Einde inhoudsopgave
Verordening (EU) nr. 236/2012 betreffende short selling en bepaalde aspecten van kredietverzuimswaps
Artikel 14 Beperkingen op ongedekte kredietverzuimswaps op overheidsschuld
Geldend
Geldend vanaf 25-03-2012
- Bronpublicatie:
14-03-2012, PbEU 2012, L 86 (uitgifte: 24-03-2012, kamerstukken/regelingnummer: -)
- Inwerkingtreding
25-03-2012
- Bronpublicatie inwerkingtreding:
14-03-2012, PbEU 2012, L 86 (uitgifte: 24-03-2012, kamerstukken/regelingnummer: -)
- Vakgebied(en)
Financieel recht / Bank- en effectenrecht
Financieel recht / Financieel toezicht (juridisch)
1.
Een natuurlijke of rechtspersoon mag een transactie met betrekking tot een kredietverzuimswap op overheidsschuld alleen aangaan als deze transactie niet leidt tot een ongedekte positie in een kredietverzuimswap op overheidsschuld als bedoeld in artikel 4.
2.
Een bevoegde autoriteit kan de in lid 1 bedoelde beperkingen tijdelijk opschorten als zij objectieve gronden heeft om aan te nemen dat haar overheidsschuldmarkt niet goed functioneert en dat deze beperkingen een negatief effect op de markt voor kredietverzuimswaps op overheidsschuld kunnen hebben, met name doordat zij lenen duurder maken voor overheidsemittenten of het voor overheidsemittenten moeilijker maken om nieuwe schuld uit te geven. Deze gronden dient te worden gebaseerd op de volgende indicatoren:
- a)
een hoge of stijgende rente op de overheidsschuld;
- b)
een toenemende rentespreads op de overheidsschuld ten opzichte van de overheidsschuld van andere overheidsemittenten;
- c)
een toenemende kredietverzuimswapspreads op de overheidsschuld ten opzichte van de eigen curve en in vergelijking met andere overheidsemittenten;
- d)
de mate waarin de prijs van de overheidsschuld na een omvangrijke transactie tijdig terugkeert naar het oorspronkelijke evenwicht;
- e)
de bedragen aan overheidsschuld die kunnen worden verhandeld.

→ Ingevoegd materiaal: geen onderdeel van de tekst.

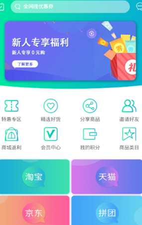 天猫百货,京东精品,聚划算,天猫超市,拼多多商城返利,唯品会,蘑菇街,蜜芽,去哪儿旅行,分类商城,商城返利等返利省钱入口。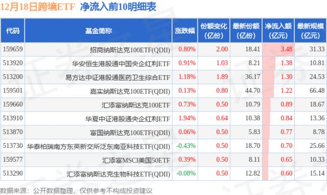 十二月十八日,跨境ETF净流入15.37亿元

De bevoegde autoriteit kan tevens andere dan de in de punten a) tot en met e) van de eerste alinea genoemde indicatoren gebruiken.
Alvorens beperkingen onder dit artikel op te schorten, stelt de relevante bevoegde autoriteit ESMA en de andere bevoegde autoriteiten in kennis van de voorgestelde opschorting en de gronden waarop die gebaseerd is.
Een opschorting geldt voor een eerste termijn van ten hoogste twaalf maanden vanaf de datum waarop de opschorting op de website van de relevante bevoegde autoriteit bekendgemaakt is. De opschorting kan met telkens ten hoogste met zes maanden worden verlengd mits de gronden voor de opheffing nog steeds aanwezig zijn. Een opschorting die termijn aan het einde van de eerste termijn of aan het einde van een daaropvolgende verlenging niet wordt verlengd, komt automatisch te vervallen.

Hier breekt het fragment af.